The costs for developing content are artificially too high due to a lack of available, or reluctance to use, standard but flexible ISD process, content configuration rules, tools, and templates, and to employ a rationale content reuse strategy and approach. The end result of not doing that is inadvertent but unavoidable redundant content development efforts that will cause higher “first costs” than necessary and will lead to higher “life-cycle costs,” some of which are explained in the following four issues.

The costs for storing and retrieving content are too high due to lack of a rational, logical “Dewey decimal system” for products and their subassemblies, much like the bar coding SKU (stock keeping unit) schemes in place everywhere in our daily, personal lives.
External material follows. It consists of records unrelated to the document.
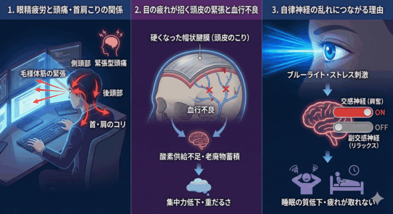 「目が疲れているだけだから」と軽く考えがちですが、眼精疲労は全身の健康状態に密接に関わっています。特にデスクワークが続く環境では、目の周りの筋肉だけでなく、頭皮や首周りまで深刻なダメージを受けていることが多いのです。
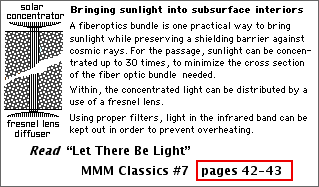 These mapping demonstration tests finished, the bore holes could be filled with fiber optic bundles to let in sunlight pre-concentrated up to thirty times.
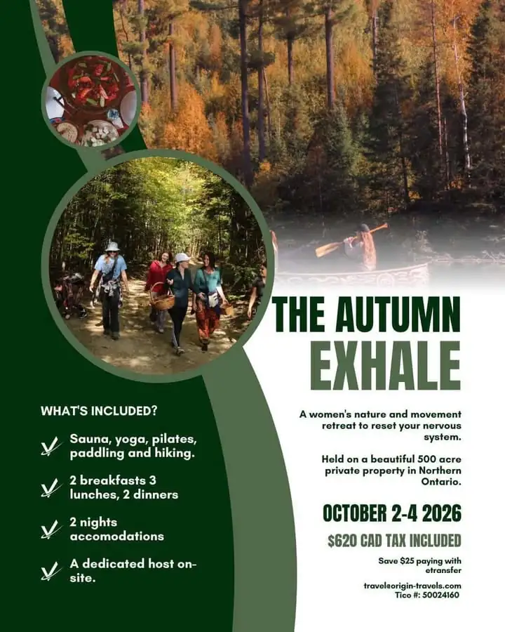 Imagine waking up to crisp fall air and trees painted in amber and fire. Days filled with grounding yoga and energizing Pilates. Afternoons paddling across still water or hiking quiet trails on a breathtaking remote property. Evenings gathered around the table for nourishing, chef-crafted meals and meaningful conversation that lingers long after dessert.
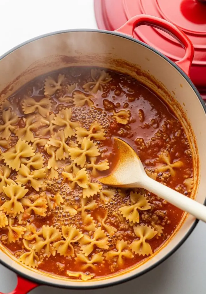 - Add the uncooked bowtie pasta, ensuring it’s covered by liquid. Bring to a boil, then reduce heat and simmer for 10-14 minutes, stirring occasionally, until pasta is tender.
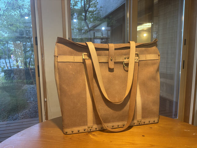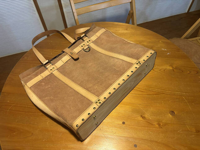 以前買い物バックとして、紙袋にみえる革袋をつくったときに床革を使い
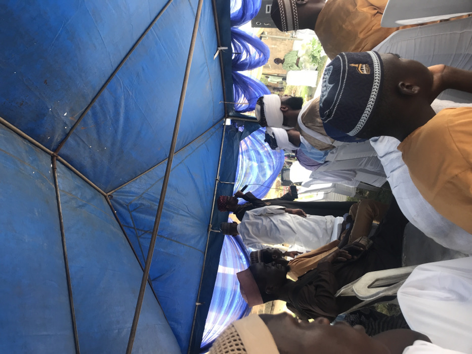 This image depicts an outdoor gathering taking place under a blue tarp canopy tent in Orudu-Olokan, Nigeria
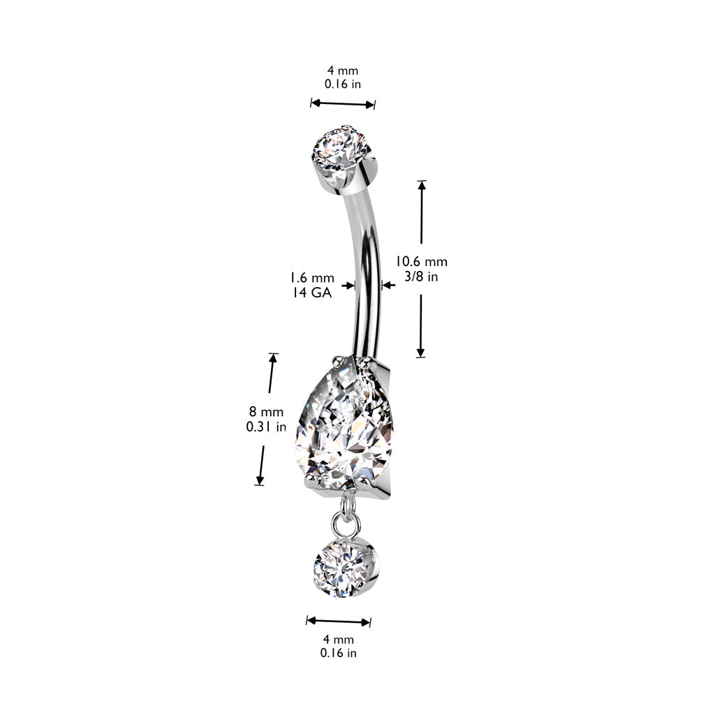 Implant Grade Titanium White CZ Teardrop Circle Dangle Belly Ring
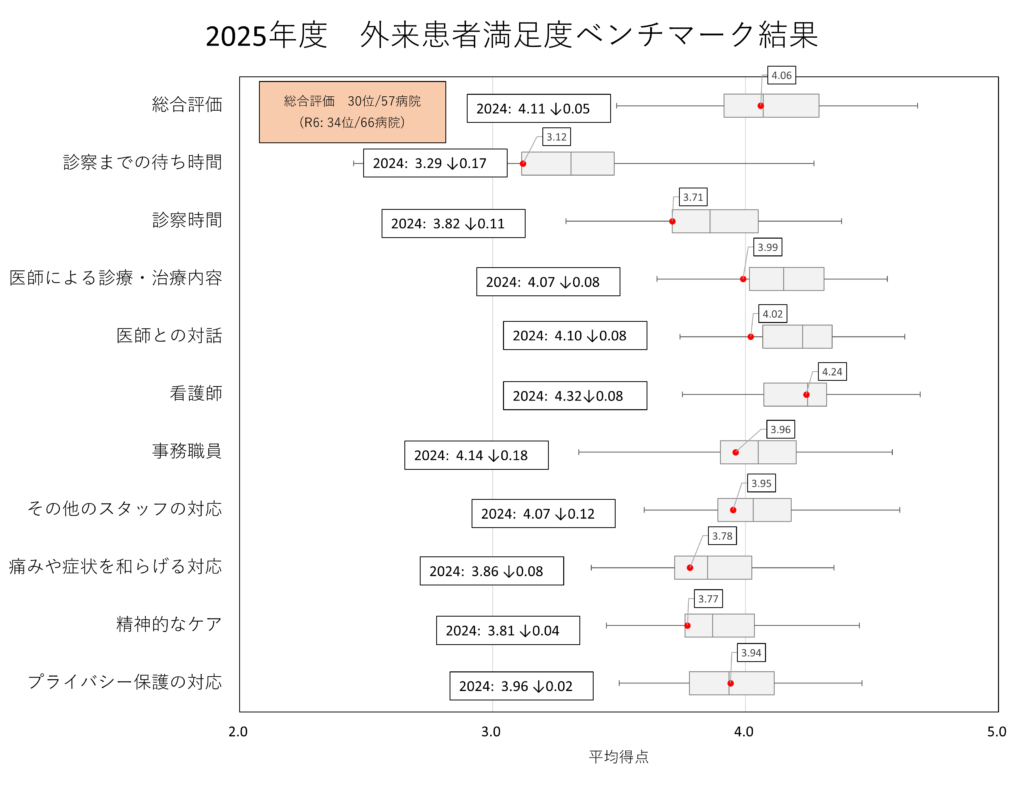 このアンケート調査に参加した全国の57病院中、総合評価の平均点は30位となり、全体の総合評価の平均点である4.07点を0.01ポイント下回りました。
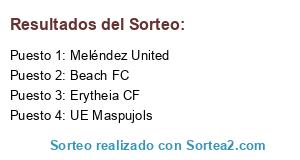 Lista de participantes: Erytheia CF, Meléndez United, UE Maspujols, Beach FC.

If content exists within your current, total product line, can anyone find it quickly for reuse or maintenance?

The costs are too high for communications and marketing, registration, scheduling (for those T&D products needing to be scheduled), or ordering (for those T&D products that need to be ordered) because the product line of T&D for any target audience is overlapped, gapped, and a mess in general, and it is hard to present as a unified system of instruction.

The costs to deploy T&D are often too high given the probable returns; and recently when the cheaper, total “e” learning strategy failed to produce results (for the buyers), we now find ourselves back to a more blended approach, which still too often focuses on low-hanging fruit content that won’t move performance levels higher at an adequate ROI.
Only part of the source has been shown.